The BREACH attack on SSL was recently disclosed at Black Hat. It depends on an attacker being able to notice a small difference in response size between two very similar requests.
Therefore, various mitigation methods which have been proposed involve attempting to disguise the length of a response. Some have said that this is mathematically infeasible, in that there is no way of disguising it enough without destroying the compression performance to such a degree that you might as well just switch compression off. I am not qualified to assess that claim, but I did have an idea as to how to add arbitrary length to the response in a transparent way.
My suggestion to vary the length is to add some non-determinism to gzip on the server side. This has the significant advantage of being transparent both to the application being served and to the client – it requires no changes to either. This makes it much easier to deploy than mechanisms which pad the content itself, or add data which needs to be explicitly ignored on the client. A quick review of the algorithm suggests that there are several places where you could introduce non-determinism.
The gzip algorithm either reproduces a string of bytes literally or, if that string has occurred before, replaces it with a pointer-length pair to a previously-occurring string of bytes. I suggest that the way that adds most variability to the output length would be to have gzip either not shorten a string, or shorten it to less than the maximum possible shortening, on some small percentage of occasions when it would otherwise do a full compression.
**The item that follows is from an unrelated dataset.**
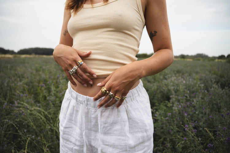 En mmurra, el proceso creativo es tan importante como la pieza final. Cada colección cápsula es irrepetible, como una obra de arte única, elaborada artesanalmente con materiales de alta calidad. Gemma trabaja en cada joya con dedicación y cuidado, buscando siempre la autenticidad en cada diseño. No hay reglas en su taller, solo el compromiso con la sostenibilidad y el deseo de ofrecer algo más que una pieza de joyería: una expresión artística.

The question is whether one can add enough length non-determinism to make the leaky length difference hard to detect without many repetitions and statistical analysis (which would drastically slow down the attack), without destroying the compression performance.
This scheme can be used to add arbitrary amounts of additional length (up to the original size of the file) in arbitrary places and patterns, dependent on static or variable factors.
As determinism may be an expected feature of gzip in some contexts, it would probably need to be made an option (which mod_gzip and similar libraries would invoke).
As an opening (and probably terrible) proposal for a static random length increase, I suggest that for each replaced sequence in the file, gzip decides either to replace it fully with a pointer+length, or to do so for all the chars bar the last one (emitting that char as a literal). It should do this with a probability of 1/N+1 for the Nth replacement in the file. This front-loads the non-determinism, producing an exponential decay in the likelihood of the sub-optimal choice being chosen, and meaning that the deleterious effect on large files is not overly large but small files still get a significant length variation.
This method might also work as a mitigation for CRIME.
Any sort of additive randomness like that will not work. The attacker just needs to repeat each request enough times to average out the noise. The distribution will still be centered around a value that leaks information. You need to not compress secrets, which is somewhat difficult for applications which use server-side templating because you do actually want the bulk of that compressed.
Or Blackberry could just release the patents to Elliptic Curve Cryptography and we can all switch to it.
Why should the distribution necessarily be centred around the true value? If you can vary the amount of randomness in an unknown but non-random way (e.g. based on a fixed secret which changes once per day)…
I agree that to make this attack utterly impossible, you need to not compress your secrets. But that’s hard without a lot of reengineering. If we can instead make the attack infeasible, that would be OK.